В тот день Вален спросил у Винклера, как тот оказался в Париже и как встретил Бартлбута. Но Винклер ответил только, что это произошло потому, что он был молод.

Глава IX

Комнаты для прислуги, 3

В этой комнате художник Хюттинг поселил свою прислугу, Жозефа и Этель.

Жозеф Нието — шофер и подсобный рабочий.
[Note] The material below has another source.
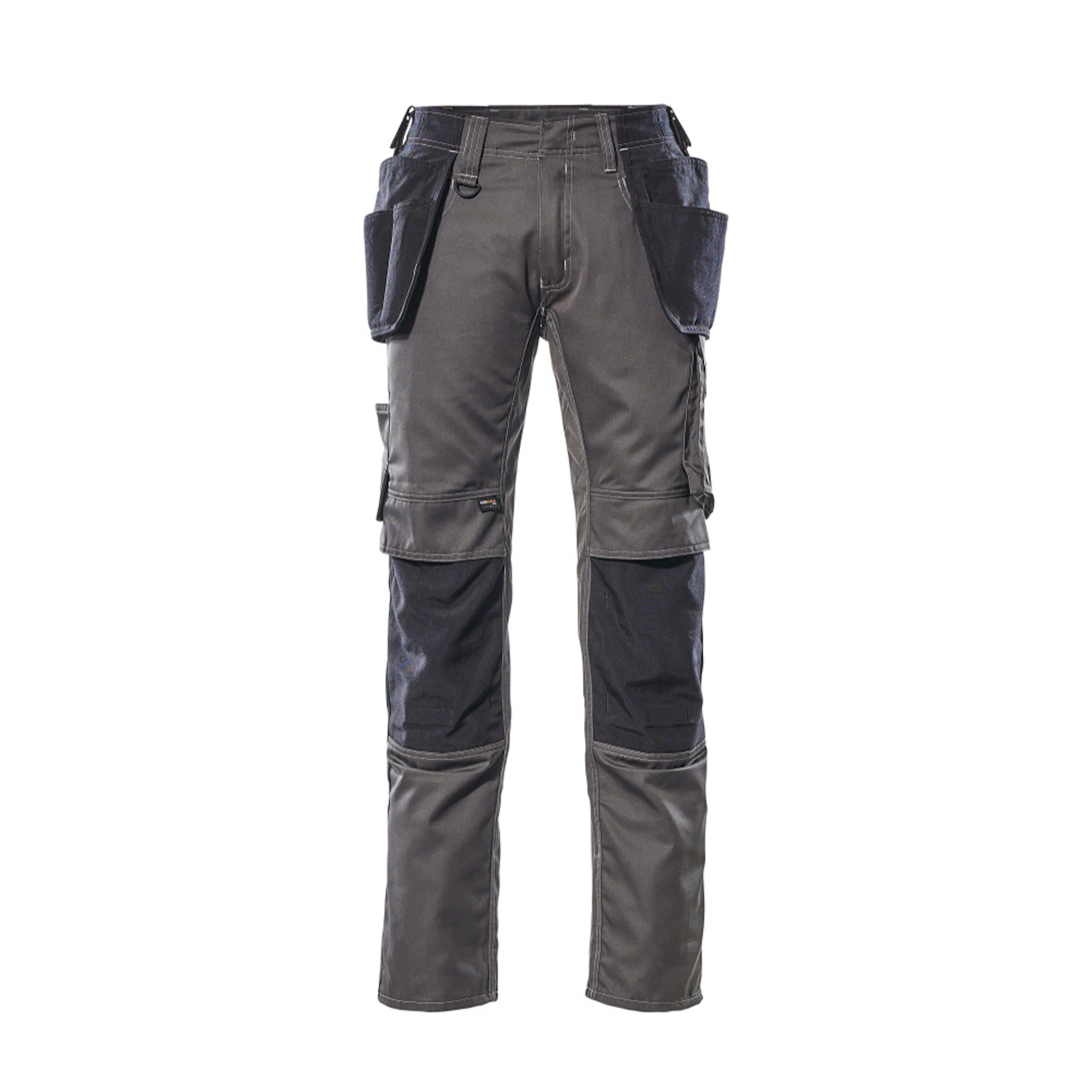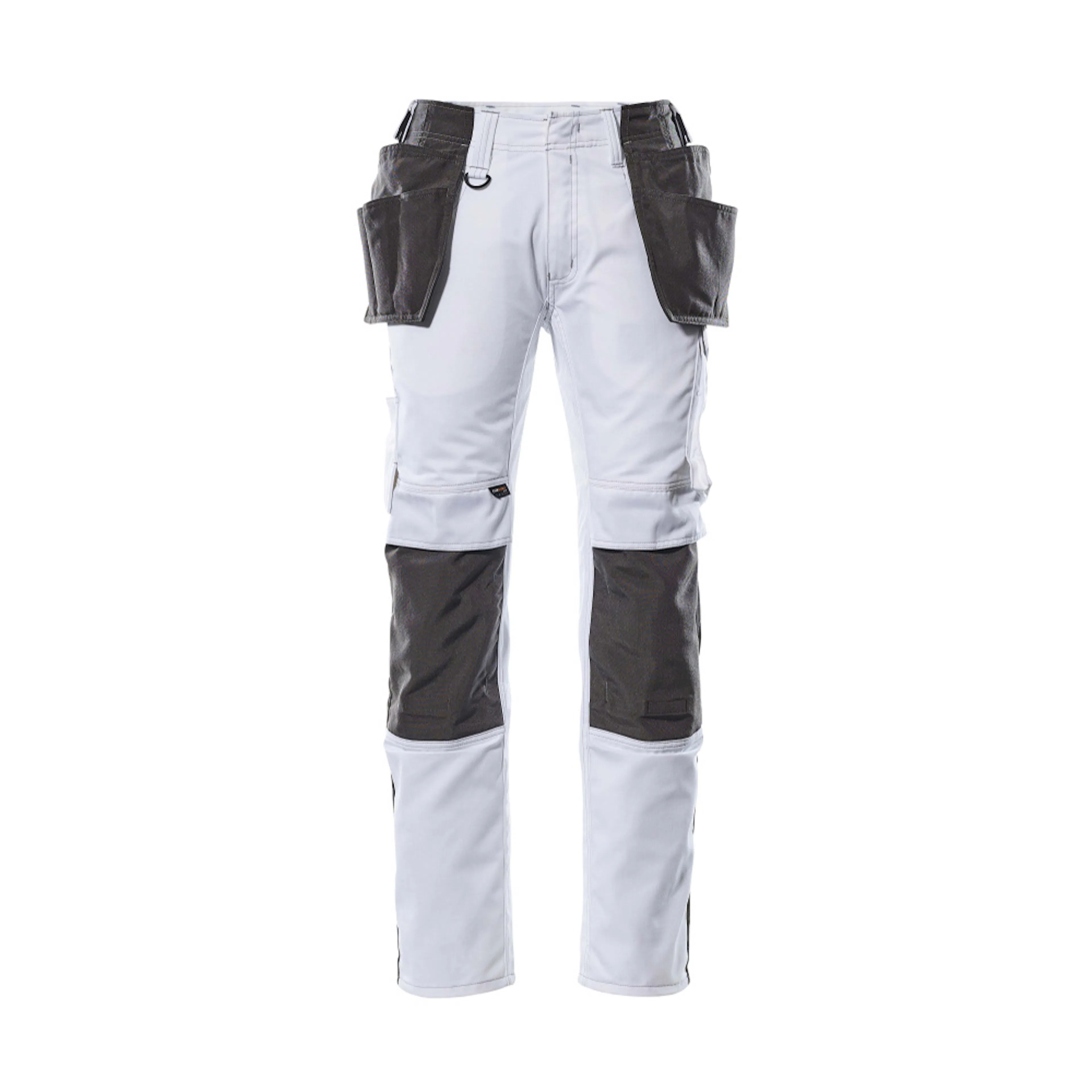 Slitstarka trenålssömmar på ben och i skrev förlänger produktens livslängd. Den låga skärningen med formskuren linning ser till att byxorna följer och stöder alla kroppens rörelser. Hängfickor i CORDURA® som är justerbara och har extra fickor till verktyg. Telefonficka integrerad i höger framficka. Av slitstark CORDURA® – med öppning för knäskydd från ovansidan och med lucka så att inte smuts samlas. Samcertifierade för användning med MASCOT:s knäskyddstyp SHORT eller LONG, eftersom knäskyddsfickan kan höjdjusteras.
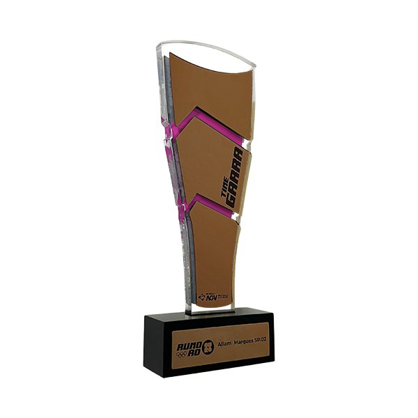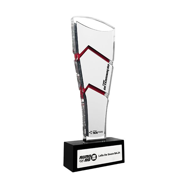 Troféu Times Gestores, acrílico cristal 37 cm de altura x 1,5 cm de espessura, com impressão digital. Sobreposição acrílico espelhada cor ouro, prata e bronze. Gravação laser. Base caixa acrílico preto 15x7x5 cm de altura. Placa de base acrílico espelhado com gravação laser.

Это парагваец лет сорока, в прошлом старший матрос на торговом флоте.

Этель Роджерс, голландка двадцати шести лет, служит кухаркой и кастеляншей.

Почти всю комнату занимает огромная кровать в стиле ампир со стойками, которые увенчаны до блеска начищенными медными шарами. Этель Роджерс занята утренним туалетом за ширмой из рисовой бумаги с цветочным орнаментом, через которую перекинута большая кашемировая шаль. Нието, в белой вышитой рубашке и черных брюках на широком ремне, лежит на кровати; в левой руке, поднятой до уровня глаз, он держит письмо с маркой ромбовидной формы, изображающей статую Симона Боливара, а в правой, украшенной перстнем с печаткой на среднем пальце, — зажигалку с язычком пламени, как если бы он собирался сжечь только что полученное письмо.

Между кроватью и дверью находится вырезанный из какого-то фруктового дерева небольшой комод, на котором стоит бутылка виски марки «Black and White», узнаваемой по двум собакам на этикетке, и тарелка с солеными крекерами.

Стены комнаты окрашены в светло-зеленый цвет. Пол покрыт паласом в желтую и розовую клетку. Убранство дополняют трельяж и плетеный стул, на котором лежит учебник «Французский язык в текстах. Средний уровень. Второй год обучения» в выцветшей обложке.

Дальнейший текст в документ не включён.